Acceptance: - After the §11 trace, compact() yields a single SSTable [a=3, c=4, d=5] (no b, no tombstone, no stale d=2). - Post-compaction get results are unchanged for live keys and still not-found for deleted keys.
Hints: - Iterate SSTables oldest→newest into a dict so newer overwrites older; then drop tombstones and sort. - Verify with an oracle (a plain dict that you apply the same put/delete stream to).
Reference (Python): See junior.md §12.3 compact.
Task 4 — Range scan (k-way merge)¶
Goal: Add scan(lo, hi) returning all live (key, value) pairs with lo <= key < hi, in sorted order, merging across the memtable and all SSTables with newest-wins, suppressing tombstoned keys.
Acceptance: - A key updated in a newer SSTable appears once with its newest value. - A key deleted (tombstone in a newer source) does not appear, even if an older SSTable holds it. - Output is sorted ascending by key.
Hints: - Build iterators over each source; use a heap keyed by key, breaking ties by source recency (newest first). - When several sources sit on the same key, take the newest entry and advance all iterators past that key.
Common bug: forgetting that a tombstone must suppress the key, then be filtered from the output.
Task 5 — WAL and crash recovery¶
Goal: Add a write-ahead log: every put/delete appends to an on-disk (or in-memory list standing in for disk) log before updating the memtable.
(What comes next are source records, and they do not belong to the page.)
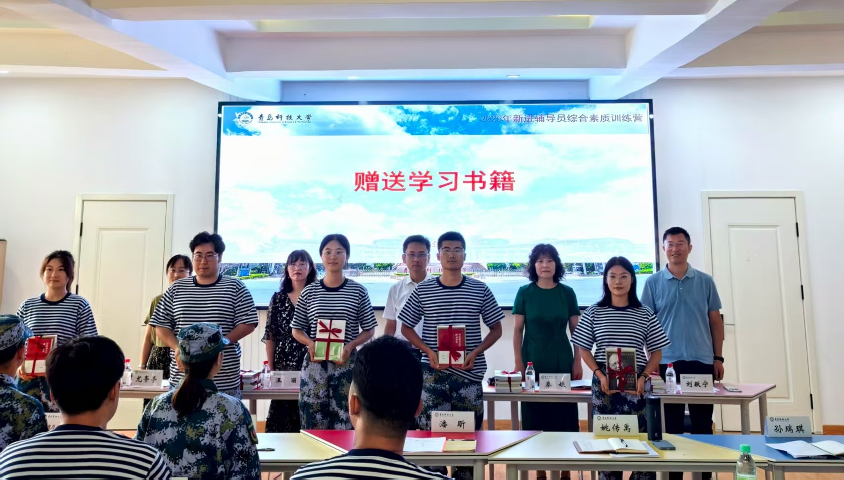 开营式上,与会领导为新进辅导员赠送了学习书籍。14名新进辅导员对照“高校辅导员誓词”进行了入职宣誓。
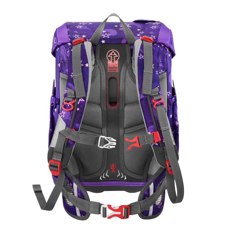 durch das patentierte Easy Grow System kann mit einem Drehgriff im Inneren des Space die Höhe der Schulträger und damit die Rückenlänge des Ranzen unkompliziert und individuell angepaßt werden. Der Cloud kann von einem besonders zierlichen, kleinen Schulkind getragen werden.
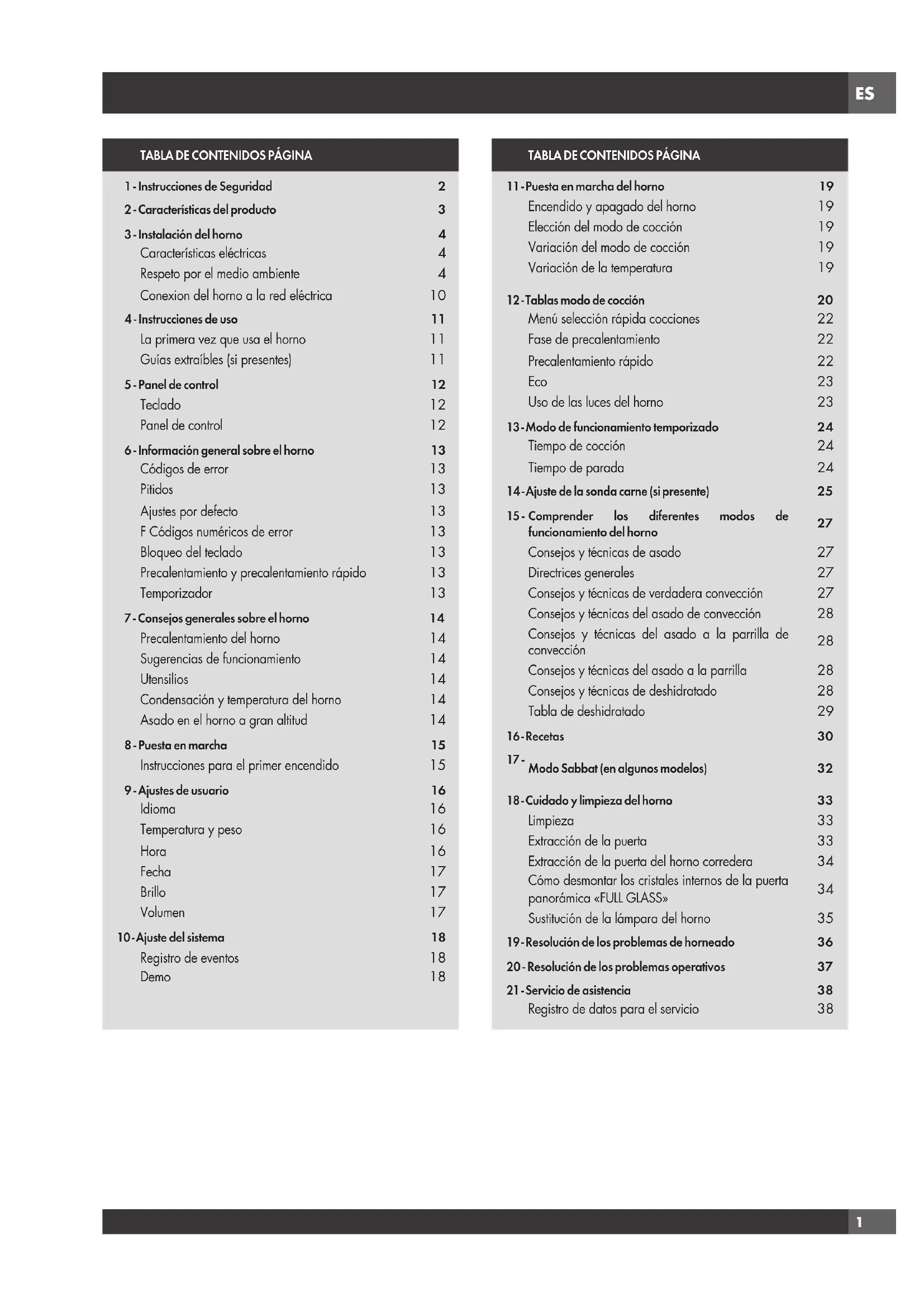 Antes de llamar al servicio verifique los siguientes puntos para evitar sobrecargarlo de forma innecesaria. Problema del horno Pasos para resolver el problema En la ventana aparece otro F_Error. Apague la corriente general y vuelva a encenderla pasados unos segundos. Si la condición persiste anote el número de código (en la lista REGISTRO EVENTO) y póngase en contacto con el servicio. El display del horno permanece en OFF Apague la corriente general (caja de fusibles o cortocircuito). Encienda el disyuntor. Si la condición persiste llame al servicio de asistencia autorizado. El ventilador de enfriamiento sigue funcionando después de haberlo apagado. El ventilador se apaga automáticamente cuando todos los componentes electrónicos se han enfriado bastante. El horno no está calentando. Verifique el disyuntor de circuito o la caja de fusibles. Asegúrese de que el horno recibe una alimentación eléctrica adecuada. Asegúrese de que se ha seleccionado la temperatura del horno. El horno no cuece de manera uniforme Consulte las tablas del horno para averiguar cuál es la posición recomendada de la rejilla. Reducir siempre la temperatura de la receta 25°F (15°C) cuando se cuece en modo horneado convección. La luz del horno no funciona correctamente Cambie o vuelva a poner la bombilla si está floja o si es defectuosa. Consulte la página 35. Procure no tocar el cristal de la bombilla con los dedos, dado que la grasa de estos puede causar que la bombilla se queme prematuramente. La luz del horno se queda encendida Verifique si la puerta del horno está obstruida Verifique si la bisagra está doblada o si se ha roto el interruptor de la puerta. El reloj y el temporizador no funcionan adecuadamente Asegúrese de que el horno recibe una alimentación eléctrica adecuada. Consulte las secciones reloj en la página 16. Exceso de humedad Caliente previamente el horno cuando use el modo horneado. El horneado y el asado de convección eliminarán toda la humedad del horno (es una de las ventajas de la convección). Esquirlas de porcelana Cuando se sacan y se cambian las rejillas del horno tire siempre de estas hacia arriba sin forzarlas para evitar que la porcelana se desmenuce.ES

Implement recover() that rebuilds the memtable by replaying the WAL.
Acceptance: - Simulate a crash by discarding the in-memory memtable but keeping the WAL; recover() reconstructs the exact pre-crash state (verified against an oracle). - After a flush, the WAL segment covering the flushed memtable is truncated.
Hints: - Order matters: append to WAL → (fsync) → apply to memtable → ack. - On recovery, replay entries in order; later entries overwrite earlier ones.
Common bug: truncating the WAL before the memtable is durably flushed → data loss on crash.
Intermediate Tasks¶
Task 6 — Bloom filter per SSTable¶
Goal: Attach a bloom filter to each SSTable. In get, consult the filter first; skip the SSTable's block read when the filter says "definitely not present."
Acceptance: - For a key absent from an SSTable, the filter returns "no" (no false negatives), and the SSTable is skipped without a "block read" (count block reads to prove it). - Measured false-positive rate over many random absent keys is within ~2× of the theoretical p for the chosen bits/key.
Hints: - Bits per key ≈ 1.44·log2(1/p); k hashes ≈ (m/n)·ln 2. Use two independent hashes to derive k (Kirsch–Mitzenmacher double hashing). - Instrument a block_reads counter to demonstrate the savings.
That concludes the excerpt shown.